Is Deepmind on its way to Artificial General Intelligence with ‘Gato’?


Photo: DeepMind

The article can only be viewed with JavaScript enabled. Please enable JavaScript in your browser and reload the page.

Deepminds Gato solves many tasks, but none very well. Does the new AI system nonetheless point the way to AI?

Shortly after DALL-E 2 from OpenAI, PaLM and LaMDA 2 from Google, Deepmind’s Chinchilla and Flamingo, the London-based AI firm is showcasing another major AI model that outperforms existing systems.

But Deepmind’s Gato is different: the model is no better at writing text, describing images, playing Atari, controlling robotic arms, or orientating itself better in 3D than other AI systems. Gato can do a little everything.

Video: Deep Mind

Deepminds Gato takes what he can get

Deepmind has trained multiple talents based on the architecture of transducers using images, text, proprioception (one’s body perception), shared moments, button inputs, and other “discrete and continuous feedback and actions”. In the training phase, all data is processed in a symbolic sequence by a Transformer network, similar to a large language model.

Gato is based on transformer architecture and is trained using many different data methods. | Photo: DeepMind

The team then tested Gato on 604 different tasks. In more than 450 of them, the AI ​​model achieves about 50 percent of the performance of the other expert systems in the benchmark.
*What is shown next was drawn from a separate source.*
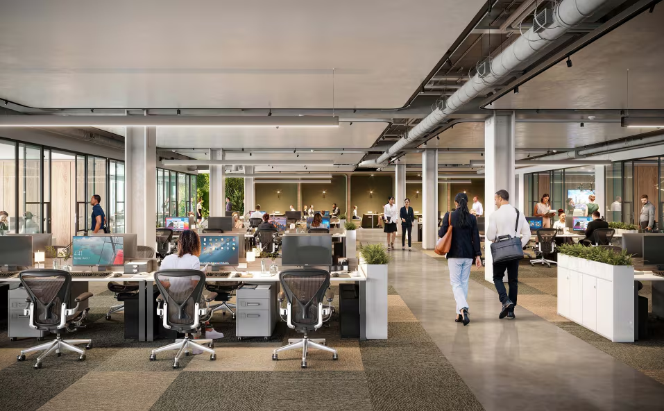 - Features a soaring two-story-high atrium lobby, new elevator cabs, as well as infrastructure upgrades such as the new cooling plant, increased electric capacity, and a state-of-the-art security system.
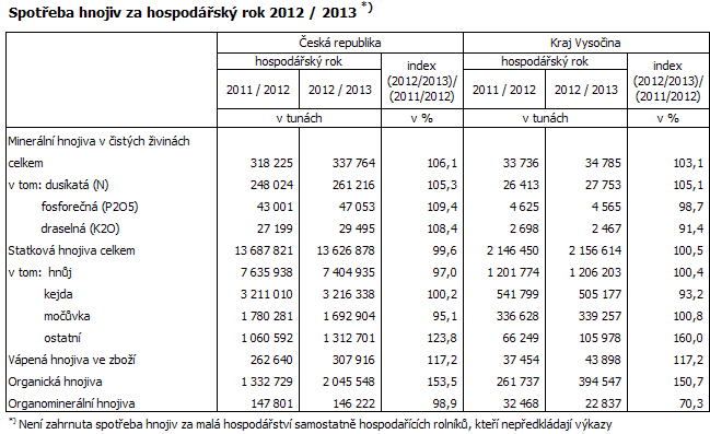 V hospodářském roce 2012/2013 spotřebovali zemědělci na Vysočině téměř 35 tisíc tun minerálních hnojiv v čistých živinách, z toho 80 % tvořila hnojiva dusíkatá. Spotřeba statkových hnojiv představovala celkem 2 157 tisíc tun, přičemž více jak polovina připadá na hnůj. Vápenných hnojiv bylo spotřebováno více jak 43 tisíc tun.

But this lags far behind the specialized AI models that can reach the expert level.

Jato and sizing laws

At just 1.18 billion parameters, Gato is small compared to the 175 billion GPT-3 variants, the giant PaLM model’s 540 billion variants, or the 70 billion “small” chinchilla variants.

According to the team, this is mainly due to the response time of the user’s Sawyer robotic arm – the larger model will be very slow on current hardware and with the current architecture of the robot’s tasks.

The team said these limitations could easily be overcome with new hardware and engineering. A larger Gato model can train with more data and potentially perform better on many tasks.

Deepminds Gato can solve quite a few tasks. Is Artificial General Intelligence just around the corner? | Photo: DeepMind

In the end one can Generic AI Model They appear to replace specialized models – also evidenced by the history of AI research. The team also refers to artificial intelligence researcher Richard Sutton, who noted that it was a “bitter lesson” from his research: “Historically, general models that make better use of computing power have prevailed over more specific and domain-specific methods.”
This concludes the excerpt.